# free smartphone keylogger



## sick. (Jul 18, 2012)

I need to get a discreet keylogger for my h's phone.
I am a stay at home mother, I don't have money.
He has an HTC inspire, if it helps.

Is there any way I can basically hack into it so I can see everything hes doing with his phone from my computer or tablet through out the day?

Anything i can do to back up his history so I can check it later?
I can't spend much time with his phone or he"ll become suspicious.


----------



## henson (Aug 30, 2012)

So as I know, you can install mobile keylogger on his phone and receive logs though email.


----------



## Afra (Mar 29, 2012)

You can search mobile spy in Google. I know that mobile spy is not bad. But you have to pay for that.


----------



## brokenhearted118 (Jan 31, 2013)

I looked at the Mobile Keylogger site. If I read it correctly, it states that the iPhone needs to be jailbroken? Is that right? If that is the case I am not sure that this will help many BS's. I think mostly the kids only Jailbreak the phones??


----------



## tayfungover (Nov 28, 2013)

Yes, iPhone need to be jailbroken as Apple does not allow such apps on their official app store.

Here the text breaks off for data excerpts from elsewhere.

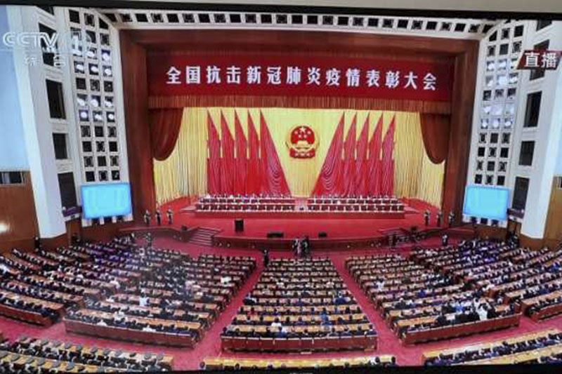 中共中央總書記、國家主席、中央軍委主席習(xí)近平向在抗擊新冠肺炎疫情斗爭中作出杰出貢獻的功勛模范人物頒授勛章獎?wù)虏l(fā)表重要講話。“共和國勛章”獲得者鐘南山、“人民英雄”國家榮譽稱號獲得者張伯禮、張定宇、陳薇四人在列。大會還對全國抗擊新冠肺炎疫情先進個人、先進集體、全國優(yōu)秀共產(chǎn)黨員、全國先進基層黨組織進行表彰。
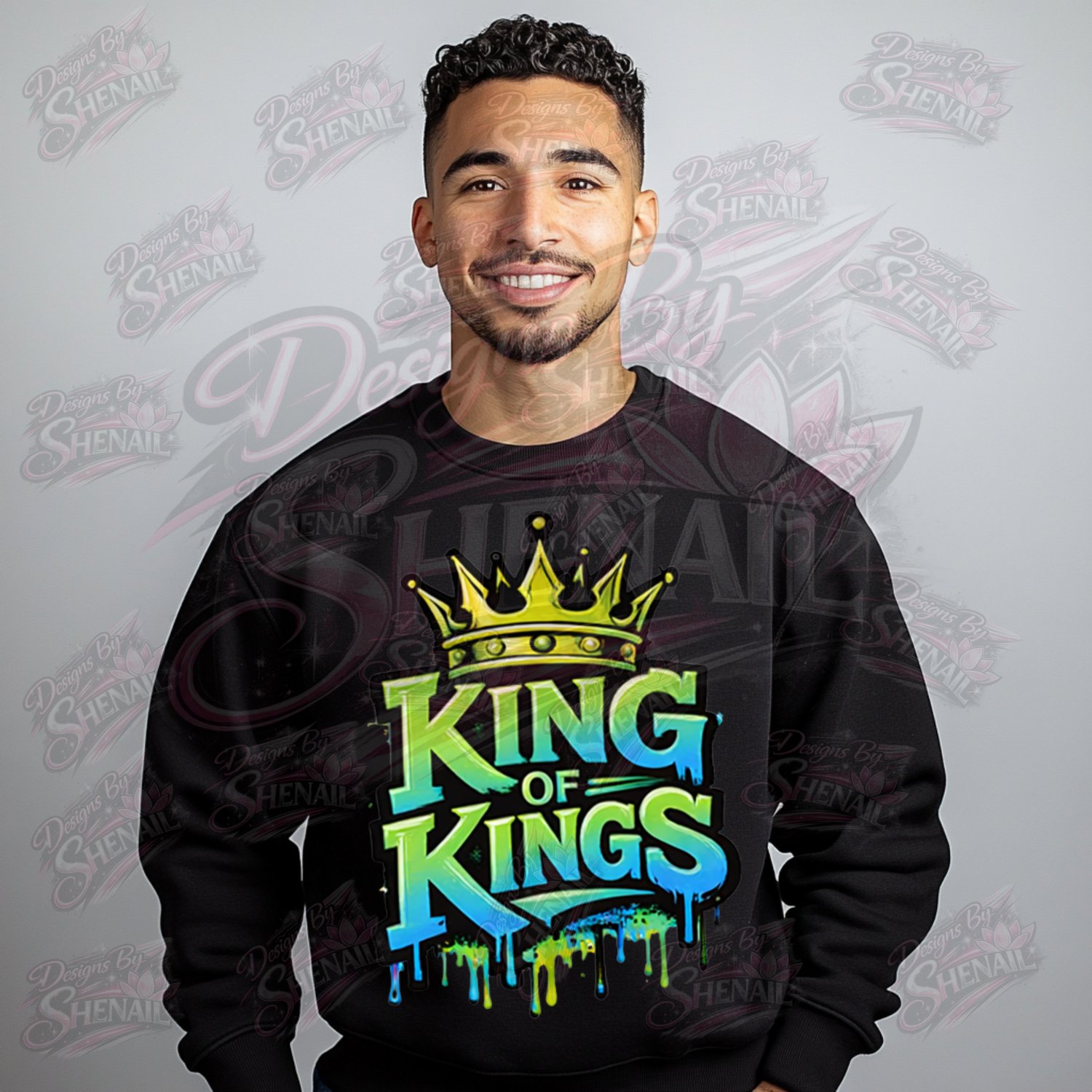 Celebrate bold faith and royalty with this vibrant “King of Kings” PNG design! Featuring a striking dripping graffiti-style crown and text, this high-resolution file is perfect for crafting standout apparel, tumblers, and more.
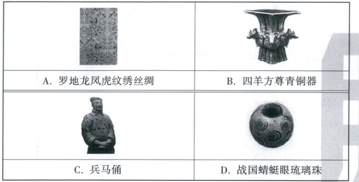 1. 我国有着悠久的历史和灿烂的文化。下列文物的主要成分属于金属材料的是(
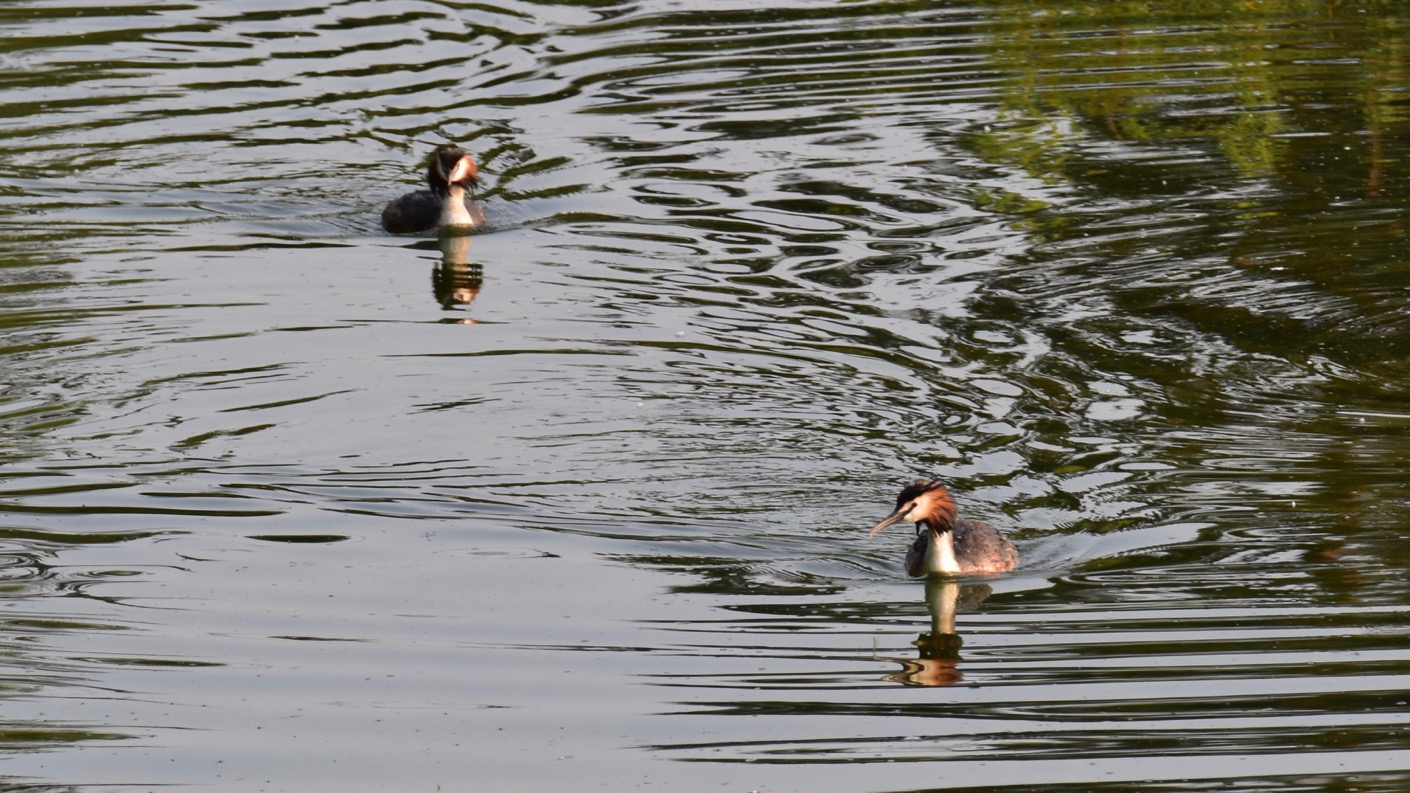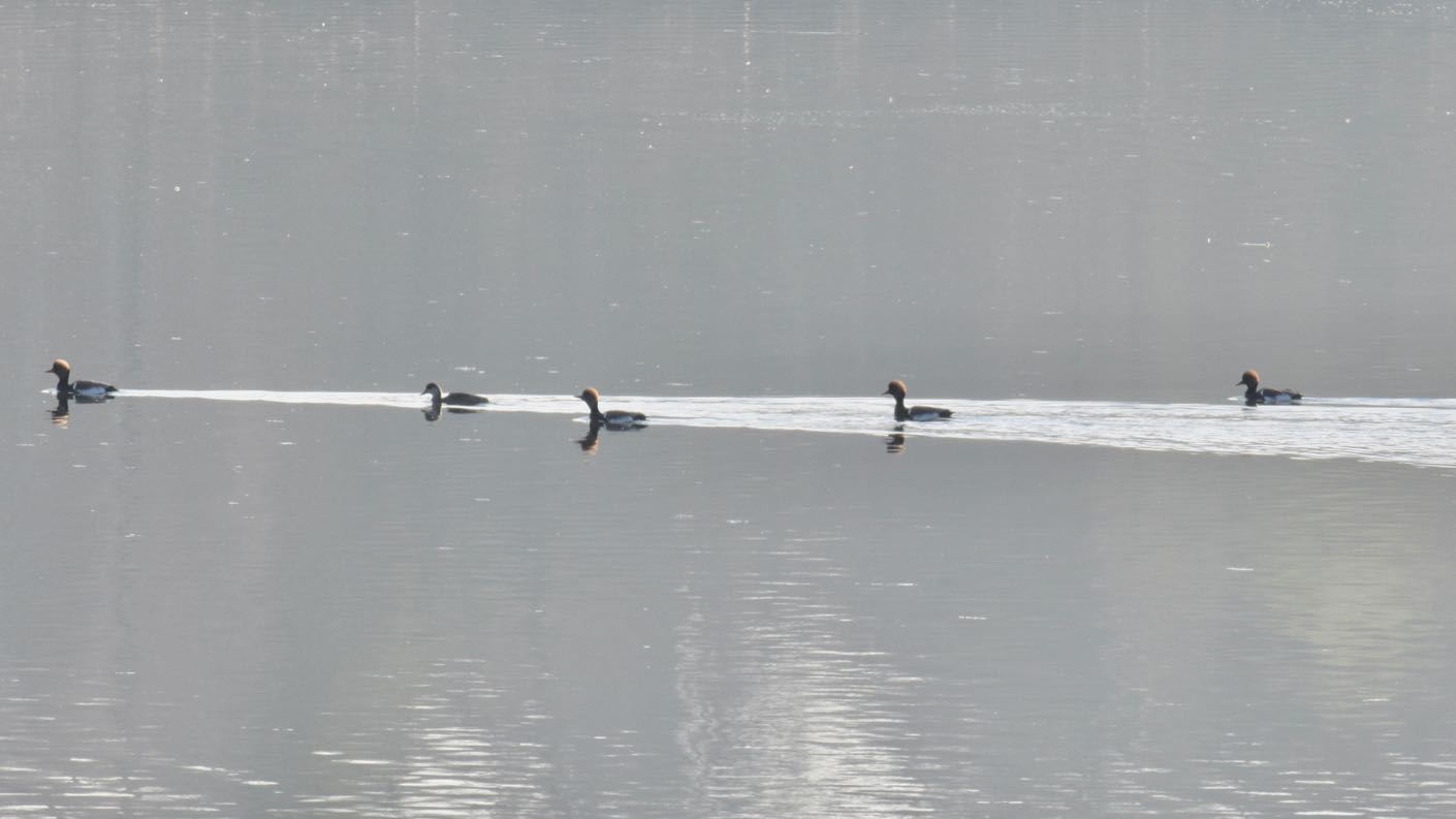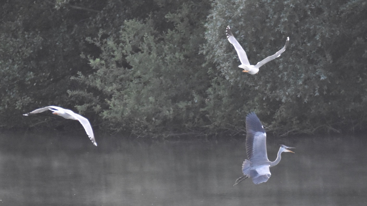 An einem Morgen kann ich hier beobachten, wie zwei Möwen mehrere Minuten lang einen heftigen Luftkampf gegen einen Graureiher führen. Wirklich kinoreif! Schließlich gelingt es ihnen, den wohl völlig entnervten Reiher zu vertreiben.
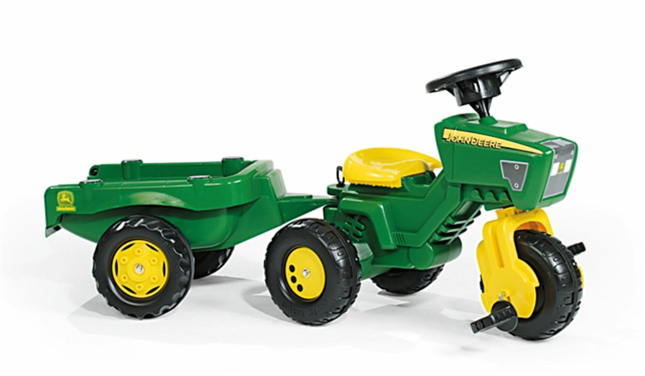 The Rolly Toys John Deere Trio Trac is a versatile three-wheeled pedal ride-on that promises endless adventures for children aged approximately 2.5 to 5 years. This innovative trike features an electronic steering wheel with sound effects, adding an extra layer of interactive fun to playtime. Authentically styled in John Deere green and yellow, it comes complete with a matching detachable trailer, perfect for towing favourite cargo around the garden. Built for durability and safety, the John Deere Trio Trac encourages outdoor exploration and helps develop coordination as children drive, steer, and play.
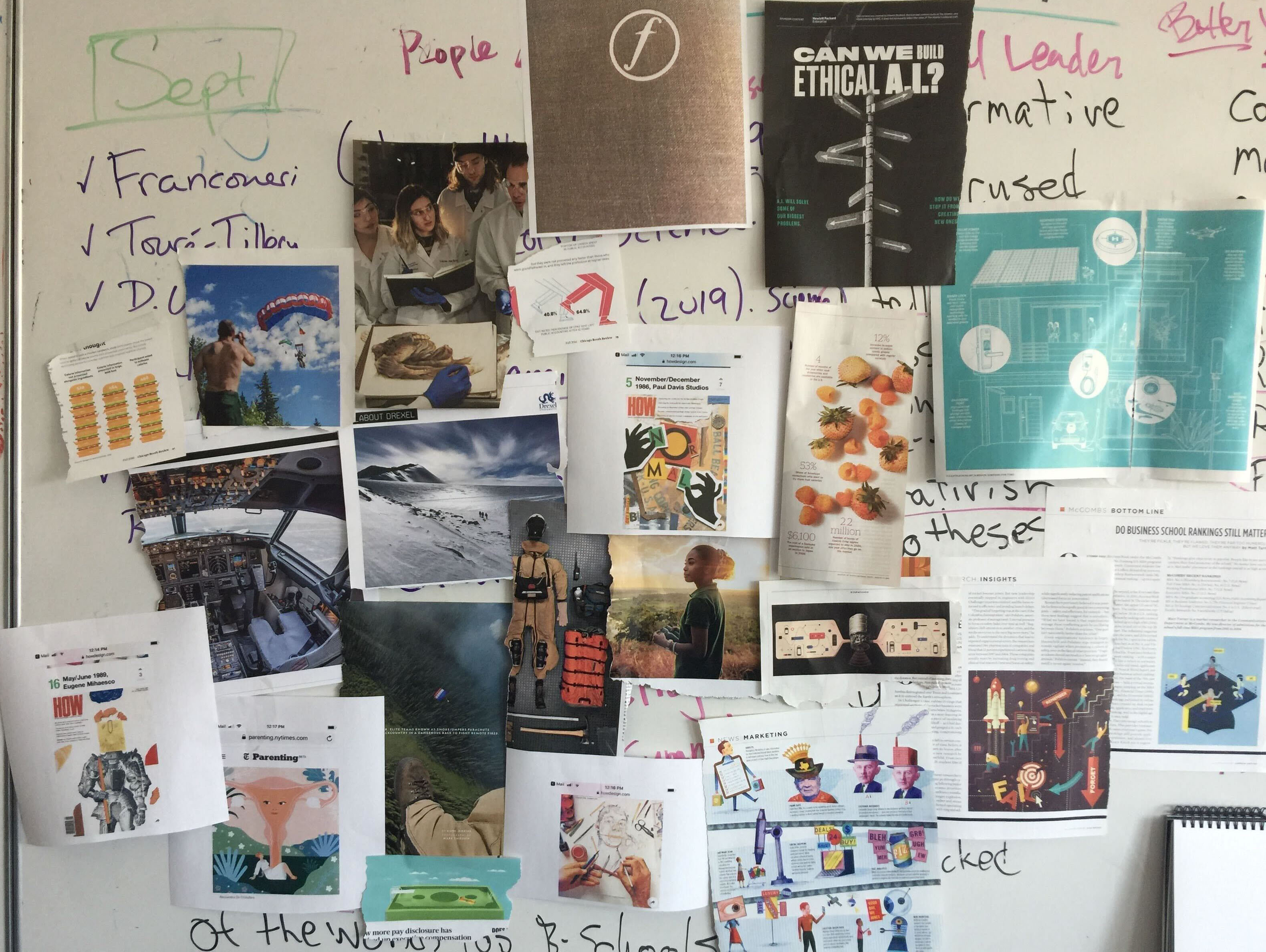 LOVE: As we’ve discussed on previous episodes, around the time we spoke with Calder, our team at Kellogg Insight was in the process of developing a new podcast brand…one for the podcast you’re listening to now... So, once again, we were eager to test out this advice for ourselves. We’d already figured out our brand position, and we were ready to start designing. So we all brought in old magazines, and looked through them for anything we thought matched what our brand was going for. We cut out photos, ads, and infographics, and taped them all up on our office whiteboard. It was a real hodgepodge.
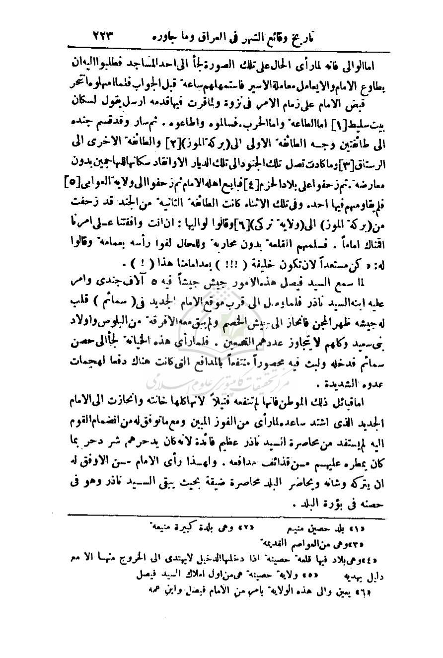 أما قبائل ذلك الموطن فإنها لم تنفعه فتيلاً لأنها كلها خانته وانحازت إلى الإمام الجديد الذي اشتد ساعده لما رأى من الفوز المبين ومع ما توفق له من انضمام القوم إليه لم يستفد من محاصرة السيد ناذر عظيم فائدة لأنه كان يدحرهم شر دحر بما كان يمطره عليهم من قذائف مدافعه. ولهذا رأى الإمام من الأوفق له أن يتركه وشأنه ويحاصر البلد محاصرة ضيقة بحيث يبقى السيد ناذر وهو في حصنه في بؤرة البلد.
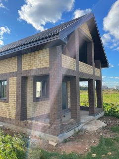 Дом площадью 77.9 кв.метров выполнен из блока на 200, утеплен пеноплексом на 50мм и облицован керамическим кирпичом. Фундамент -монолитно-бетонная плита.
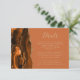 Den vänstra kanten på detta eleganta moderna bröllopskort har en bränd orange akvarell-agat-kant med falskt guldglitter. Titeln visas i handskriven stil, med anpassningsbar text nedan i tan kopparplate-skrift på en bränd orange bakgrund. Baksidan har en matchande bränd orange och guld-agat-design.
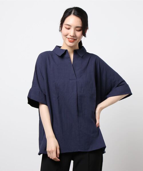 胸元の空き具合がエレガントなスキッパーのシャツ。バックタックが軽やかで動きのあるシルエットをメイクします。抜け感のあるデザインの袖はこれからの時季におすすめ。シンプルな無地カラーで幅広い着こなしが楽しめる、ワードローブにおさえておきたい1着です。
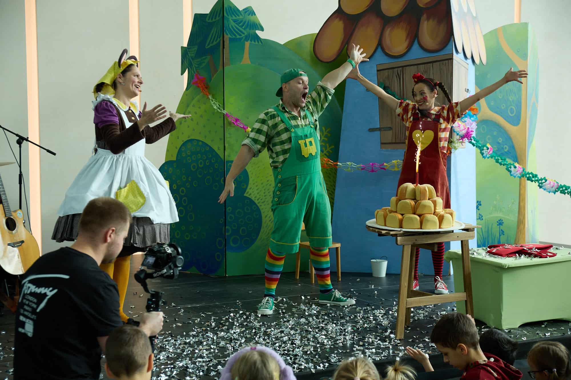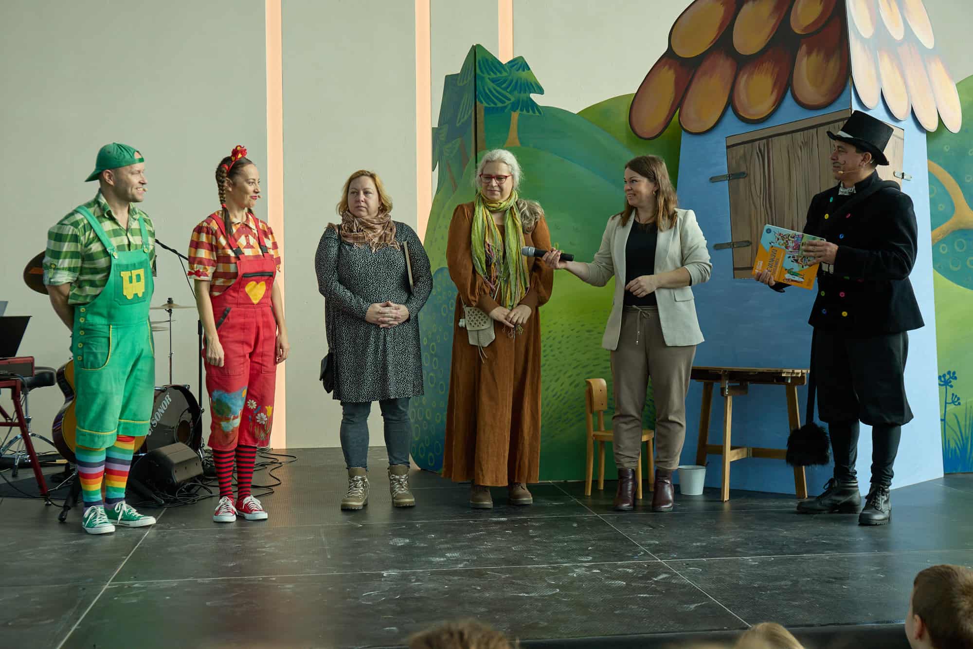 Na pódiu sa zišli autori piesní Mária Podhradská a Richard Čanaky a ďalší tvorcovia magickej publikácie – scenáristka, autorka všetkých vtipných dialógov a textov piesní Lenka Tomešová, výtvarníčka Kristína Hroznová, Katka Kočutová a Ivana Šulganová z vydavateľstva Albi. V novej knihe je vyše 60 nových piesní o povolaniach z autorskej dielne Márie Podhradskej a Richarda Čanakyho. Nájdete tam pesničku napríklad o semafóre, o umývaní riadu, o slušnom správaní, o liečivých bylinkách, o varení.

This is the only reason Spy application ask to jailbreak the target phone first. 

Not only Mobile-spy, all other spy application such Spyera, Flexispy need jailbreak.

However some professional spy application can also hide jailbreak status. So the user never know that iphone has been jailbreak. 

As far as I know, Spyera and Flexispy can hide jailbreak icon too. 

Regards..


----------